Reproduce the material below only from the line with "在分别的位置放置好单奶和群奶,夜刀的位置放置一个挡2的高练度远卫更好。" to the line with "ちょっとマラソンで入っている", both included, keeping each line exact and dropping the pictures.

● **DATA TO EXAMINE**:
------------------------------------------------

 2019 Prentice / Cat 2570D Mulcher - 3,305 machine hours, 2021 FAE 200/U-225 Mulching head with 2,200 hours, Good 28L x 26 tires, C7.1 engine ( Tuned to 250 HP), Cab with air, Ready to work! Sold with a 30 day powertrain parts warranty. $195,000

------------------------------------------------

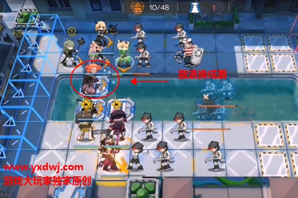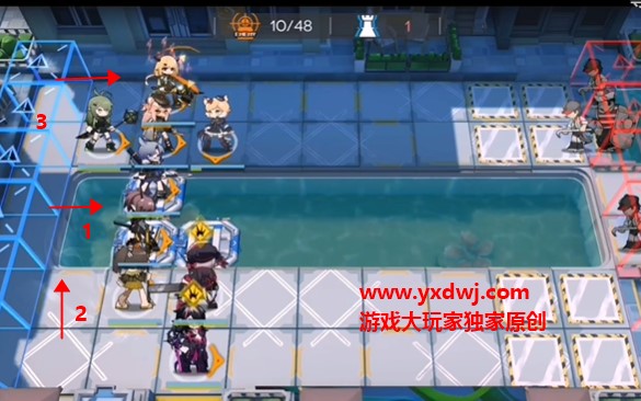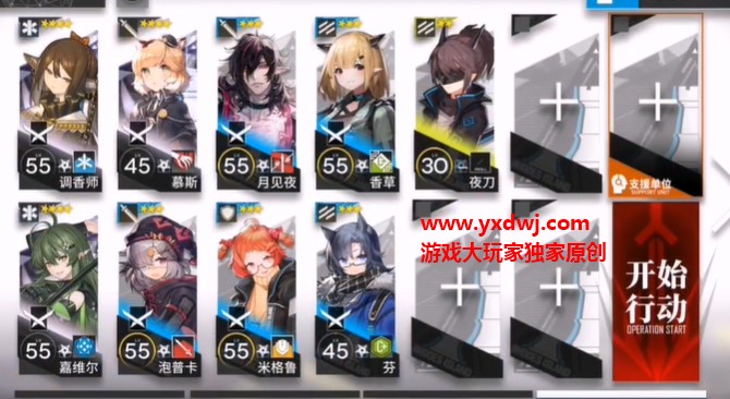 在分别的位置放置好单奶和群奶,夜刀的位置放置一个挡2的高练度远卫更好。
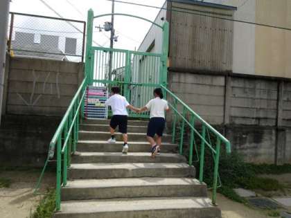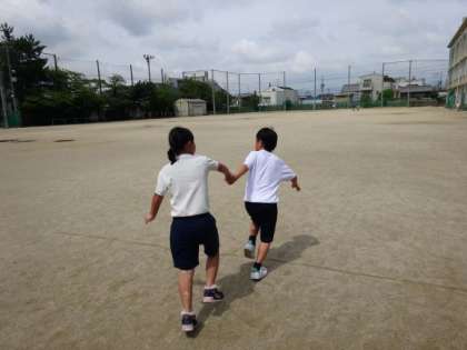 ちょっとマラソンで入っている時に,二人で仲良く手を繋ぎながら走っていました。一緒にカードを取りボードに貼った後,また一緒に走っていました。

------------------------------------------------

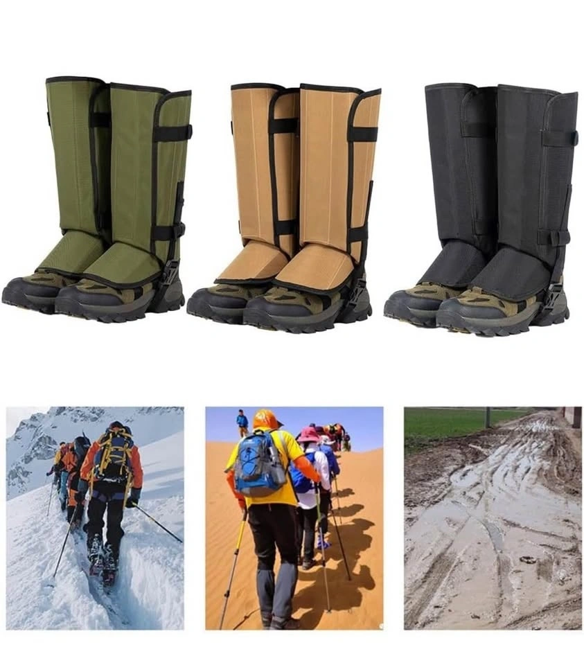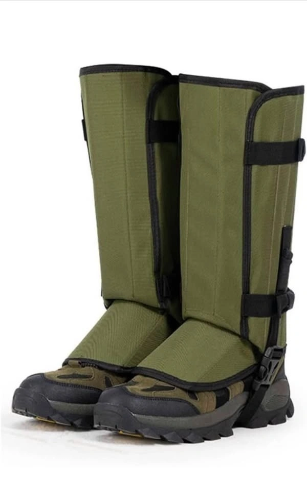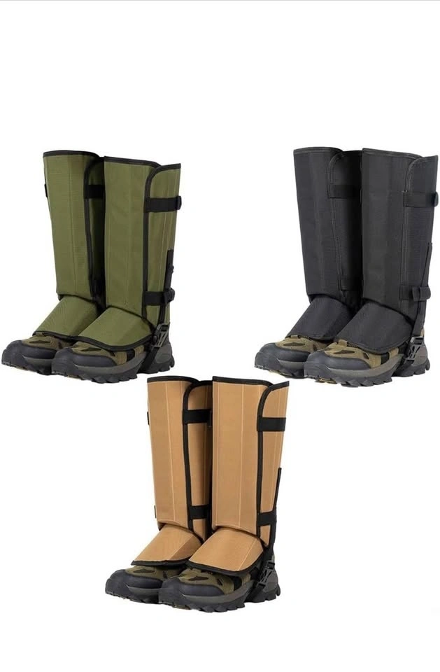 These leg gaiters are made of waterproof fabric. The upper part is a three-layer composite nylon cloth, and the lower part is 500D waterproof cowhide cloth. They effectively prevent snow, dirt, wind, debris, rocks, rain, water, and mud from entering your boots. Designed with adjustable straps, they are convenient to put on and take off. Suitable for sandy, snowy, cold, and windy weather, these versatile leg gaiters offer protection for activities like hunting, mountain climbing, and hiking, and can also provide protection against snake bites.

------------------------------------------------

● **EXERCISE RESPONSE**:
 在分别的位置放置好单奶和群奶,夜刀的位置放置一个挡2的高练度远卫更好。
 ちょっとマラソンで入っている時に,二人で仲良く手を繋ぎながら走っていました。一緒にカードを取りボードに貼った後,また一緒に走っていました。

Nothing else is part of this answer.